Rechtspraak
Feiten
Werknemer is op 9 mei 2022 in dienst getreden bij Breadz B.V. als bakker III op basis van een arbeidsovereenkomst voor bepaalde tijd voor 38 uur per week. De arbeidsovereenkomst is één keer verlengd en is vervolgens op 14 oktober 2024 geëindigd. De cao voor het Bakkersbedrijf (hierna: de cao) is op de arbeidsovereenkomst van toepassing verklaard. Werknemer stelt dat Breadz geen cao-loonsverhogingen heeft doorgevoerd en dat zij meerdere toeslagen en een cao-uitkering niet heeft betaald.
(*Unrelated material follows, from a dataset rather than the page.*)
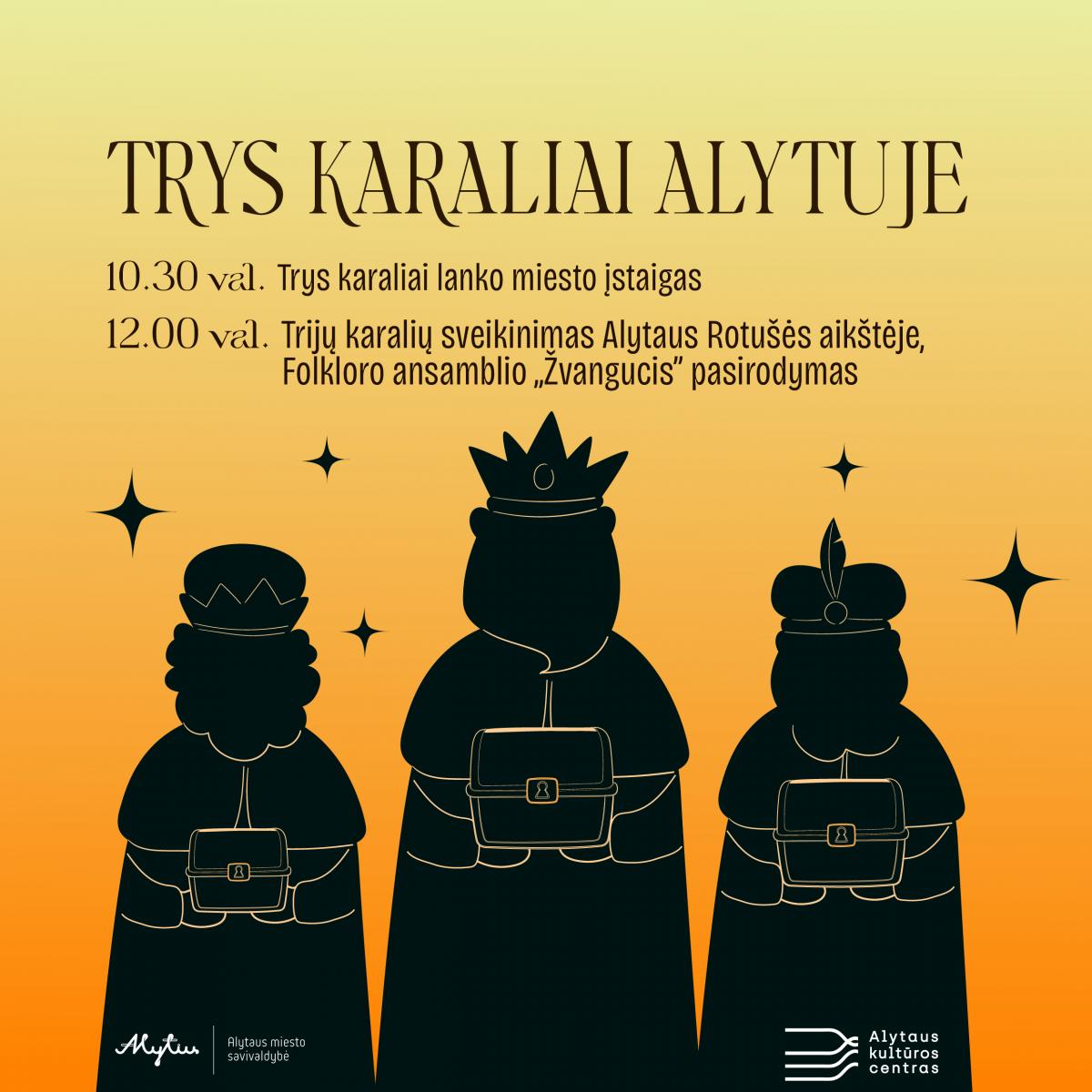 Tradiciškai, šventinį laikotarpį užbaigs Trys karaliai. Kasparas, Melchioras ir Baltazaras, trys išminčiai iš Rytų, lankys miesto įstaigas, įmones ir sveikins visus, atvykusius susitikti Alytaus Rotušės aikštėje. Kartu dalyvaus ir Alytaus kultūros centro folkloro ansamblis „Žvangucis“.

Werknemer vordert in deze procedure daarom dat Breadz achterstallig loon over de jaren 2022 tot en met 2024 en de transitievergoeding betaalt.
Oordeel
De kantonrechter stelt vast dat de loonvordering van werknemer in totaal € 9.887,18 bruto bedraagt en bestaat uit niet doorgevoerde loonsverhogingen, vakantietoeslagen, nachttoeslagen en een eenmalige cao-uitkering. Aangezien Breadz de loonvordering erkent en de hoogte van de gevorderde bedragen niet heeft betwist, wordt de loonvordering toegewezen zoals gevorderd. Dat betekent dat Breadz wordt veroordeeld tot betaling van de loonvordering ter hoogte van € 9.887,18 bruto. Breadz heeft ter zitting verklaard dat zij bereid is de transitievergoeding te betalen, zodat in het midden kan blijven op wiens initiatief de arbeidsovereenkomst is geëindigd. De kantonrechter wijst de gevorderde transitievergoeding van € 2683,48 bruto toe. Uit een betalingsoverzicht van werknemer blijkt dat Breadz ten aanzien van de loonvordering € 4430,36 netto en ten aanzien van de transitievergoeding € 1.585,67 netto aan werknemer heeft betaald. Deze (netto)bedragen moeten in mindering gebracht worden op de toegewezen vorderingen.